McALLEN — On a normal day, Koko’s Uptown Cafe here on 10th Street would be at capacity with the lunch rush. Now, the dining area is empty, save for a handful of masked and gloved workers.
But all is not quiet.
The stillness of the dining area is interrupted by shouts of orders and clanging of pans from behind the double doors of the kitchen, where workers hustle to prepare to-go meals for hungry customers.
Brothers Albert and Jorge Suarez have owned and operated the restaurant since its establishment in 1990.
While orders to close certain businesses and for residents to stay at home to help prevent further spread of COVID-19 created an unprecedented struggle for eateries across the country to stay open, the Suarez brothers have decided to adapt.

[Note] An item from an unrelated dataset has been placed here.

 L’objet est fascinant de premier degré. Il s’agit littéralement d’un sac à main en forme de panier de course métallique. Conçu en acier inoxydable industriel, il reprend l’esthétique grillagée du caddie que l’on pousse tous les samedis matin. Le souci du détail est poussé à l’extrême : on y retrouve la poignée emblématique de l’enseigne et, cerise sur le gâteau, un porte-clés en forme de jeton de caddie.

“It’s been tough. Everybody’s scared,” Albert said on Thursday afternoon. “When all this stuff started happening, we had a meeting with all our employees. It was just seeing their faces, some teared up. It was just awful.”

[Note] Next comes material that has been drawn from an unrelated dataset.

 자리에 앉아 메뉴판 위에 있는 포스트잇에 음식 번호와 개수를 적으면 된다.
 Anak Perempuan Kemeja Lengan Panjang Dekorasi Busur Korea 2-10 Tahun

Koko’s has approximately 34 people on staff, some of whom have worked for the restaurant for 10 to 15 years. With the exception of a few employees who chose to stay home due to health concerns, nearly all of Koko’s employees have continued to show up to work.
“My brother and I were thinking, ‘What are we going to do with all these employees?’” Albert recalled. “They can’t afford not to work. They can’t afford to stay home. We just decided to do curbside.”
The Suarez brothers decided to implement a curbside and delivery-only business plan. The restaurant now offers free delivery to anywhere within a 5-mile radius, and the former waiters are the ones doing the delivering.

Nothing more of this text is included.